1. I've added a new optional argument to `score_counts` and `load_paragraphs`: `extra_words`. Discuss what this option does, and try a few different numbers using the default lexicon (`bingliu`) and novel (`christmas`). In your document, describe your findings.

1. Choose an emotion or opposed pair of emotions. Plutchik's are a good start, but feel free to try others.

1. Brainstorm words that you think indicate this emotion. Put numeric weights in the first column and words in the second column, as we did for the file `bingliu.csv`.

1. Download your lexicon, and change the filename for `load_word_weights` to that filename. Save this file as "Version 1", and keep a copy of it.
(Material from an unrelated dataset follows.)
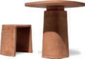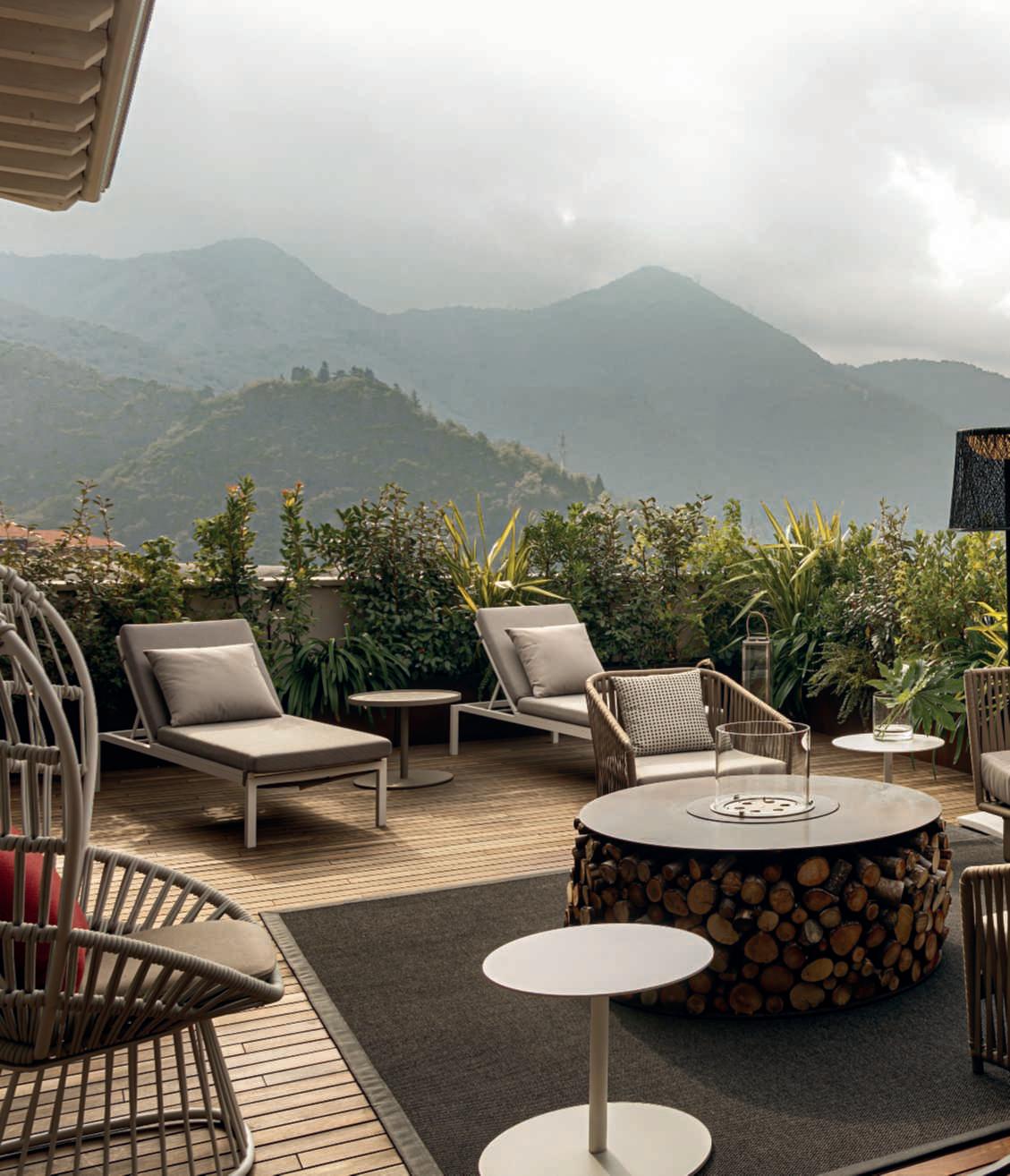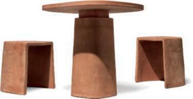 Iltavolo Gioi eglisgabelli Cave diMarioScairatodanno fortepersonalitàall’outdoor grazie alla lavorazione artigianale e di alto pregio e almateriale utilizzato,la terracottanaturale.

1. Apply the lexicon to Dickens novels. Each student should choose one of the files in the `dickens` directory. Change the filename passed to `load_paragraphs` appropriately.

1. Discuss your results. Compare top- and bottom- scoring paragraphs in the different novels. Look at the raw and "rolling mean" time series. Find passages that score high and low in these time series and look at the context around those paragraphs. In your document, copy in example paragraphs and comment on whether they are correct or not correct, and why. Each student should contribute, put your name on your exma

1. Based on the results of your initial lexicon, create "Version 2" of your spreadsheet. Add or remove words, and change weights as necessary.
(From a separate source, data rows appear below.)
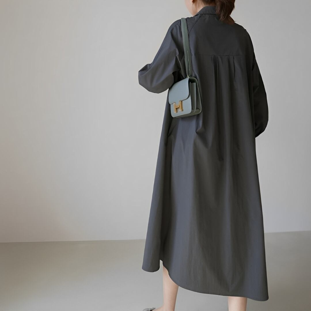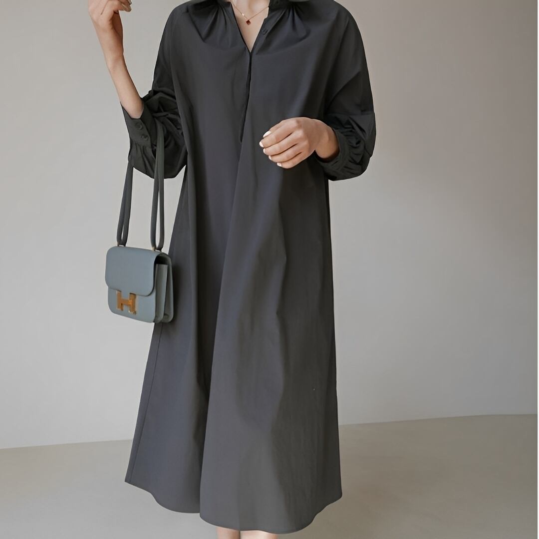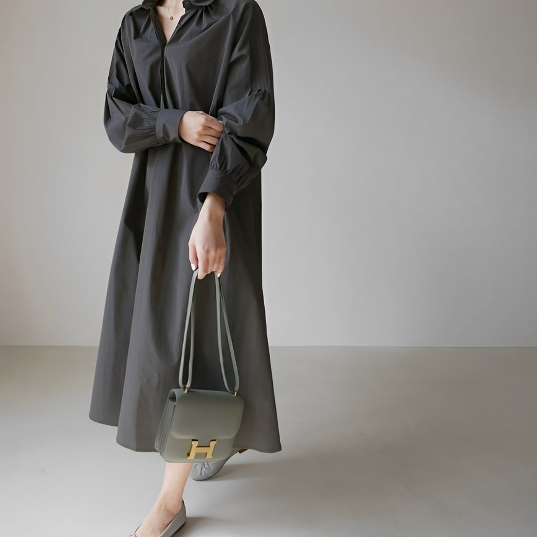 たっぷりとしたAラインシルエットが体のラインを優しく包み、スタイルアップも叶えてくれます。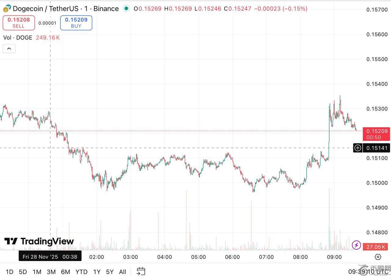 狗狗币交易价格约为 0.15 美元。市值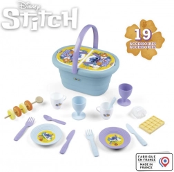 Bucurați-vă de farmecul unui picnic cu motivul STITCH! Acest coș de picnic pentru copii, ușor și ușor de transportat, cu mâner ergonomic, include 19 piese de accesorii pentru joacă distractivă de gătit și servire. Vasele și accesoriile colorate sunt ideale pentru dezvoltarea imaginației, împărțirea gustărilor și joaca cu prietenii.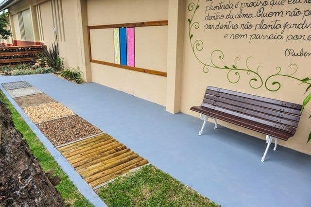 2. Transformar el juego y las relaciones que se crean durante el recreo, en sentido estricto. ¿Cómo? Favoreciendo la presencia de elementos que inviten al juego en equipo, a la negociación entre niños, a la imaginación… Introduciendo variedad de texturas para jugar/experimentar con ellas, elementos de motricidad… y usurpándole el protagonismo a las pistas de fútbol que han monopolizado los patios durante años.
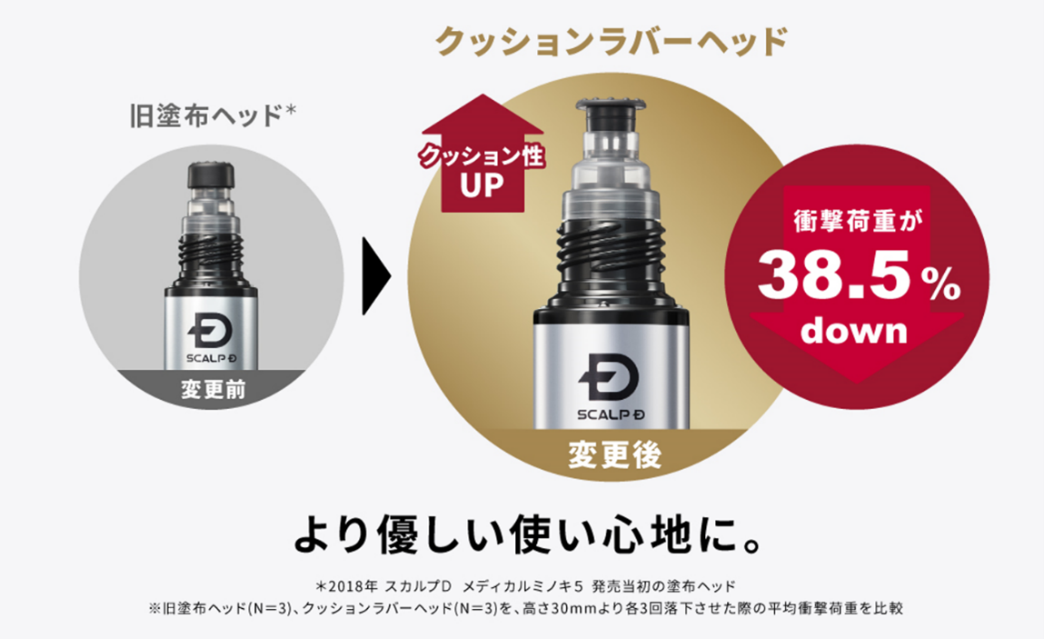 スカルプD メディカルミノキ5 プレミアムは、頭皮にやさしいヘッドを追求し「クッションラバーヘッド」 を採用。

1. Save this Version 2 lexicon as a CSV, and repeat the previous exploration. Document all of your findings in the shared document.

1. Reflection. We will compare and discuss results in class. After that, write responses to the following in your document. Does your lexicon work? Was this process difficult? What factors made it easy or hard? Was your emotion easier or harder than others? If any other group worked on the same emotion, did they get similar results?

1. Upload a zip file containing your written document and CSV copies of all versions of your sentiment lexicon files to CMS. Each member will need to join the CMS group to receive credit.


In [None]:
import re, sys
from collections import Counter
from matplotlib import pyplot
import numpy, pandas
from IPython.display import display, Markdown

IDEAS FOR YOUR WRITING RESPONSE FOR FRIDAY:

 Both groups are working from Vonnegut's description of plot. Does this
  view really reflect plot? If not, what is missing, and how important is it
  to you?

 Given your experience with lexicon-based sentiment analysis, how well does
  it approximate a quantity that's relevant for plot analysis?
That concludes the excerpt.